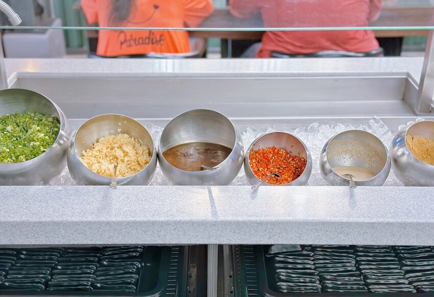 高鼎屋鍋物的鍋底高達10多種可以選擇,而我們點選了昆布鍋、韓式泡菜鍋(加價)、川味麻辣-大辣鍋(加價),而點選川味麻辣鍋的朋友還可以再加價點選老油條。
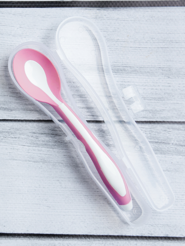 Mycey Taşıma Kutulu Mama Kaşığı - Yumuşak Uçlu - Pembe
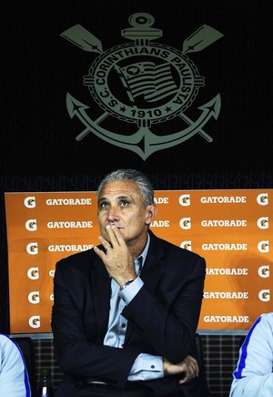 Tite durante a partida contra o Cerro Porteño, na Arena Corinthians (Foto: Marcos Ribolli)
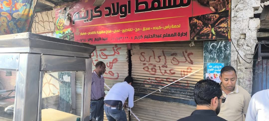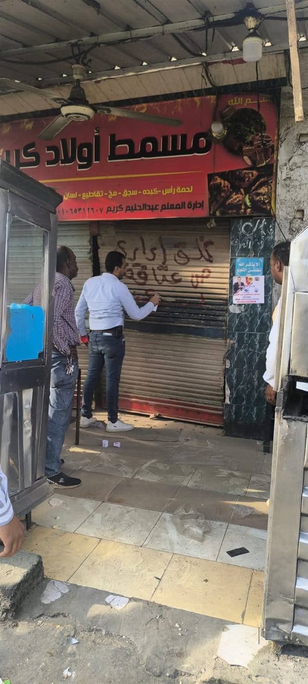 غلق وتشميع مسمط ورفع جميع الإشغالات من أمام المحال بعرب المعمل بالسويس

--

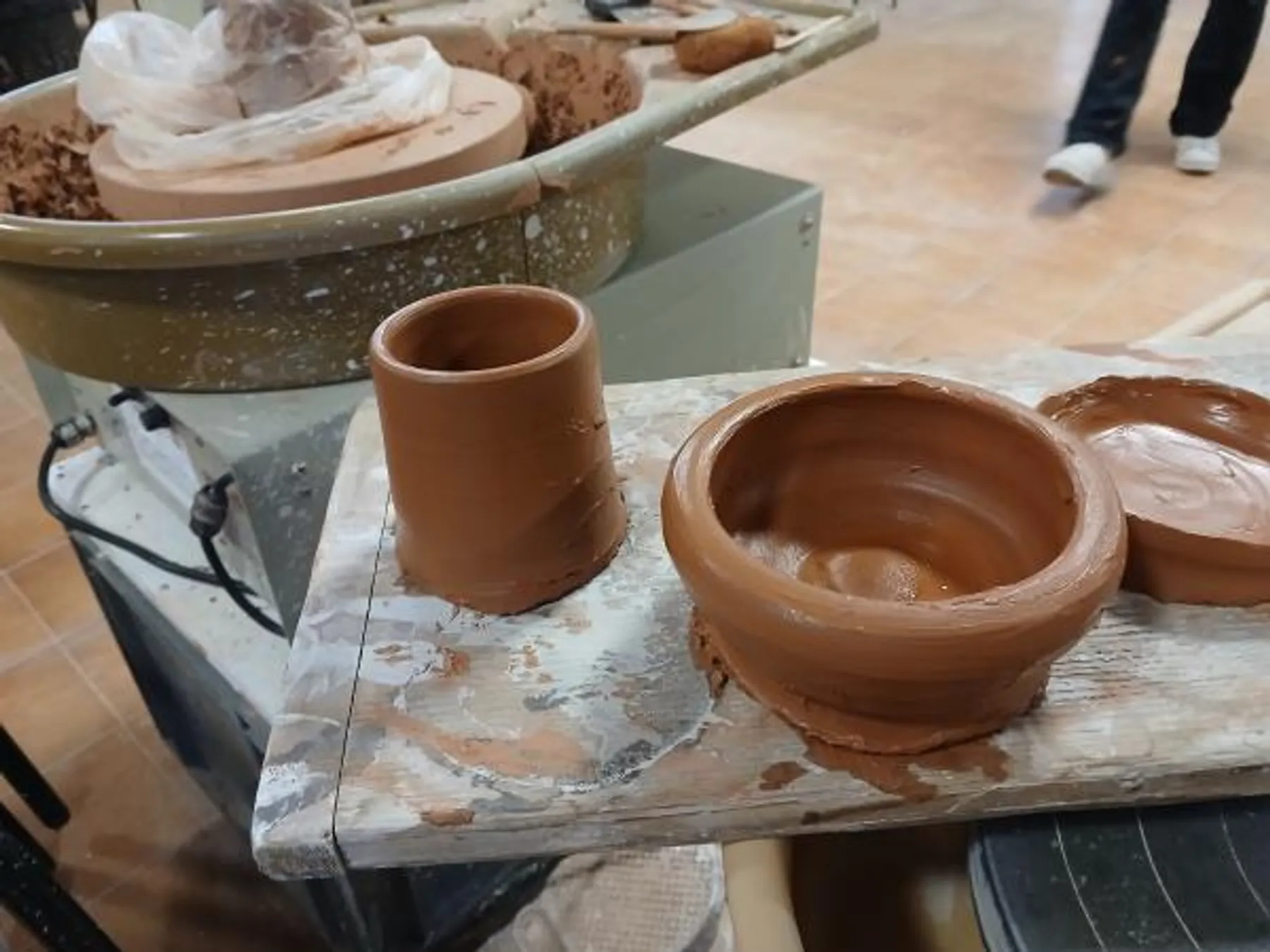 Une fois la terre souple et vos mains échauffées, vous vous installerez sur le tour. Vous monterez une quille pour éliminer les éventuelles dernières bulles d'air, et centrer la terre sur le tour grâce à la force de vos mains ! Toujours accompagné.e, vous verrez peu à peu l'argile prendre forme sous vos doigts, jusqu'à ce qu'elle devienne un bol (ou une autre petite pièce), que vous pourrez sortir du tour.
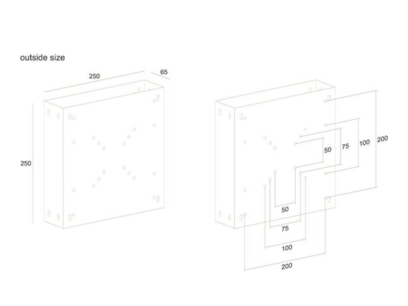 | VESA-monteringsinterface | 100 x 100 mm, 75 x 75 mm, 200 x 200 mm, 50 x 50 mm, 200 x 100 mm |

WORK ORDER: Look above for the line with "Tite durante a", then print it and each line after it down to and including the line with "غلق وتشميع مسمط". Leave out the pictures and keep the wording exact.

SOLUTION BELOW:
 Tite durante a partida contra o Cerro Porteño, na Arena Corinthians (Foto: Marcos Ribolli)
 غلق وتشميع مسمط ورفع جميع الإشغالات من أمام المحال بعرب المعمل بالسويس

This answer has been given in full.